If we take a random sample of size N=10 from a population, the best estimate of the population mean is the mean of the sample.

What is the precision of this estimate? We know it relates to the sample size. The larger the sample size the more precise the estimate.

Parametric approach: SEM

In the parametric approach, we assume that the population is normally distributed. We use the standard deviation of the sample, and the sample size, to compute the standard error of the mean, which is an estimate (a parametric estimate) of the standard deviation of the sampling distribution of means. The standard error of the mean is thus an estimate of the precision of the sample mean as an estimate of the population mean. The standard error of the mean SEM is given by:

SEM = \frac{s}{\sqrt{N}}

where s is the standard deviation of our sample, and N is the sample size. Notice how the sample size affects the SEM. The larger the sample size, the smaller the SEM.

The 95% confidence interval

We can use the SEM to calculate the confidence interval of our estimate of the population mean. The 95% confidence interval is given by:

\bar{y} \pm t_{(.975,N-1)} \left( SEM \right)

where \bar{y} is the sample mean, and t_{.975,N-1} is the critical value of the t statistic for a 95% confidence interval, N is the sample size, and SEM is the standard error of the mean.

So when we perform one experiment, and collect one sample, we can not only produce an estimate of the population mean (the mean of our sample) we can also produce, assuming the population is normally distributed, metrics corresponding to the precision of our estimate of the population mean (the SEM, the 95% confidence interval). This is useful information to have when we interpret the estimate of the population mean, especially if we are comparing estimates of population means of two samples (e.g. placebo vs. drug).

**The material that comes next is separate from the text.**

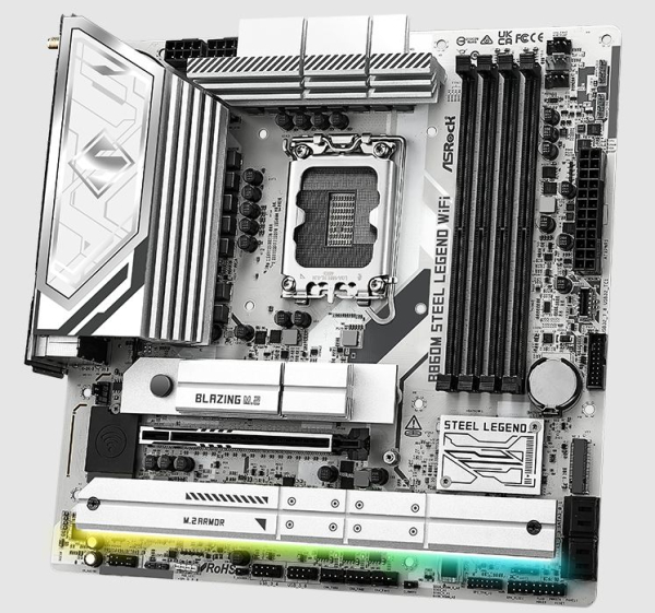 Das ASRock B860 Steel Legend WiFi basiert auf dem Intel®-B860-Chipsatz und unterstützt Intel®-Prozessoren für den Sockel 1851. Es verfügt über vier DDR5-Slots für bis zu 256 GB Arbeitsspeicher. Zur weiteren Ausstattung des ASRock B860 Steel Legend WiFi gehören ein PCIe-5.0-x16-Slot und ein PCIe-4.0-x16-Slot (x2 Lanes). Außerdem verfügt das ASRock B860 Steel Legend WiFi über 8-Kanal-Sound, eine 2.5 Gigabit-LAN-Schnittstelle, WiFi 6E, Bluetooth 5.3, vier SATA3-Anschlüsse, vier M.2-Anschlüsse und eine Reihe an USB-Schnittstellen.

What is the meaning of the 95% confidence interval? We want to say it’s the interval that we are 95% sure contains the true population value—but this is incorrect.

The correct interpretation of the 95% confidence interval is as follows: If we were to take many random samples of size N from the population, and for each sample compute the mean plus or minus the 95% confidence interval, then 95% of those confidence intervals would contain the true population mean. Of course this means 5% of the intervals would not. Which ones? We don’t know. And of course usually we have only sampled once from the population (we do our experiment once).

In the image below, the vertical lines indicated 95% confidence intervals of 100 repeated samples and the dots indicate sample means. The horizontal dashed line indicates the true (unknown) population mean. Of the 100 confidence intervals, 95 intervals (light blue lines) contain the true population mean and 5 do not (red lines).

Non-parametric approach: Bootstrapping

What happens if we cannot assume that the population is normally distributed?

Before we answer this question, let’s ask another question—how likely is this to occur? In fact there are many examples of variables we are interested in measuring, that are not normally distributed. Strictly speaking, any variable that cannot take on a negative value is not normally distributed. Many variables follow a log-normal distribution, e.g. reaction times; e.g. size of living tissue (length, weight); e.g. number of hospitalized cases of COVID-19; and many others (see the Wikipedia page for a list of examples). Many variables follow a Poisson distribution, e.g. inter-spike-intervals of neurons.

If the population is not normally distributed, we cannot use the SEM to calculate the precision of our estimate of the population mean. We need to use a non-parametric approach. We can use the bootstrap to estimate the standard deviation of the sampling distribution of means.

In the bootstrap we generate, through simulation, an empirical sampling distribution of means. We can no longer rely on a formula such as shown above, to calculate metrics corresponding to the precision of our estimate of the population mean. Instead what we do in the bootstrap is generate, through simulation, an empirical sampling distribution of means. In essence we simulate repeating our experiment again and again, (e.g. 10,000 times) and each time we compute a sample mean. We can then look at the distribution of sample means, and use this distribution to estimate the precision of our estimate of the population mean (e.g. by taking the standard deviation of the empirical sampling distribution of means).

How do we simulate repeating our experiment 10,000 times? We only have one sample! How do we take new samples from the population without actually collecting new data? The trick in the boostrap is that we do this by sampling with replacement from our sample. We use our sample as a proxy for the population. We repeatedly (10,000 times) take samples of size N from our sample. The with replacement part means that each observation in our sample may be taken more than once (and by extension, some observations in our sample may be left unsampled). If we resampled our original sample without replacement, we would just end up with 10,000 exact copies of our original sample. That would not be very useful.

Of course the validity of this approach rests on the assumption that our sample is a reasonable proxy for the population … and in the usual way, the larger (and more random) the sample, the more this is true.

Bootstrap code

Let’s say we performed an experiment measuring reaction times (RTs) and collected a sample of 20 RTs. We can use the bootstrap to estimate the standard deviation of the sampling distribution of means.

So what we are going to do is repeatedly (10,000 times) take samples of size N , with replacement, from our sample. We then calculate the mean of each sample and store it in an array.

Here is our sample of size N=20 RTs, which were drawn from a log-normal distribution (not a normal distribution).

import numpy as np
import matplotlib.pyplot as plt

RTs_sample = np.array([500,650,650,750,1200,800,650,1000,750,1400,700,900,900,1300,850,950,750,850,1050,900])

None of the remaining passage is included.